Confusing the two is why a high day rate can disappoint. Always convert a rate to billable-day revenue, then deduct tax, costs, and benefits, before comparing it with a salary. The headline rate flatters; the net income is the honest figure.

Does IR35 affect my day rate?

It affects what you keep from the rate, not the rate you need to set. An inside-IR35 contract is taxed like employment, so the same day rate leaves you with less take-home than an outside one — typically requiring around a 10% higher rate to match.

Work out your target rate first using billable days and benefits, then check the contract’s IR35 status to see whether you need to negotiate higher. The IR35 Calculator shows the difference inside versus outside makes to your take-home.

How often should I review my day rate?

At least once a year, and with every new client. Many freelancers set a rate when they start and never change it, while their experience grows, costs rise, and inflation erodes the value — so a rate that was fair becomes underpricing.

New clients are the easiest moment to raise your rate, since there’s no existing expectation. For continuing clients, an annual review tied to inflation and your growing expertise keeps your earnings from quietly falling behind. Reviewing regularly is one of the simplest ways to protect your income.

Your day rate connects to how a contract is taxed, the structure you bill through, and your wider take-home. These calculators handle each piece.

Methodology & sources

How the maths works

The calculator works backwards from your target income. It starts with the working days in a year (around 253 after weekends and bank holidays), then subtracts holiday, a sick-day buffer, non-billable admin and sales time, and expected bench time between contracts, to estimate your billable days — usually around 170. It adds the benefits you must self-fund (employer-equivalent pension, sick cover, and a training budget) to your target income, then divides that total by your billable days to give the day rate that genuinely matches the target. The “naive” comparison simply divides the target by working days, ignoring both adjustments.

These are illustrative figures to show how the rate is built up. Your real rate depends on your actual holiday, utilisation, benefit needs, business costs, tax position, and market rates for your field, all of which vary. The aim is to reveal why the simple salary-over-working-days figure undercharges, and to give a realistic starting point, not a guaranteed market rate.

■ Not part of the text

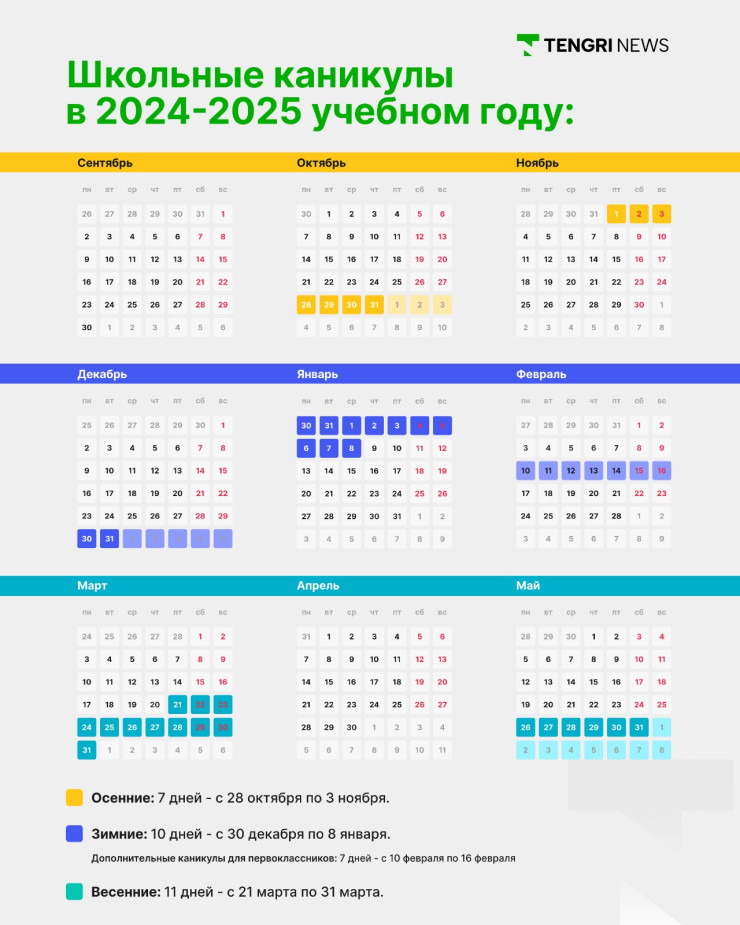 Первая четверть будет длиться восемь учебных недель, осенние каникулы - семь дней, с 28 октября по 3 ноября 2024 года включительно.

Assumptions and conventions used

  • Working days: ~253 a year after weekends and bank holidays
  • Billable days: working days less holiday, sick, admin, and bench time
  • Typical utilisation: around 67% (≈170 billable days)
  • Benefits to replace: employer pension, sick cover, training budget
  • Day rate = (target income + benefits) ÷ billable days
  • Naive comparison = target income ÷ working days
  • Revenue is pre-tax; income is after tax, costs, and benefits
  • Figures shown are illustrative starting points, not market rates

Primary sources

This is not financial advice. This calculator estimates the day rate needed to hit a target income, using standard formulas and general UK conventions. The day counts, utilisation, benefit costs, and figures shown are illustrative to demonstrate how a rate is built up, not personal advice, a guaranteed market rate, or a recommendation. Your actual rate depends on your field, experience, location, the market, your real utilisation and holiday, your business costs, and your tax position, all of which vary widely. Market rates differ enormously between sectors and skill levels. The figures here are a realistic starting point for your own calculation, not a benchmark to quote without checking your market. Revenue is shown before tax, business costs, and the benefits you self-fund, so your net income will be lower. Before setting a rate, research comparable rates in your field and consider your full tax and cost position. See guidance for the self-employed at gov.uk.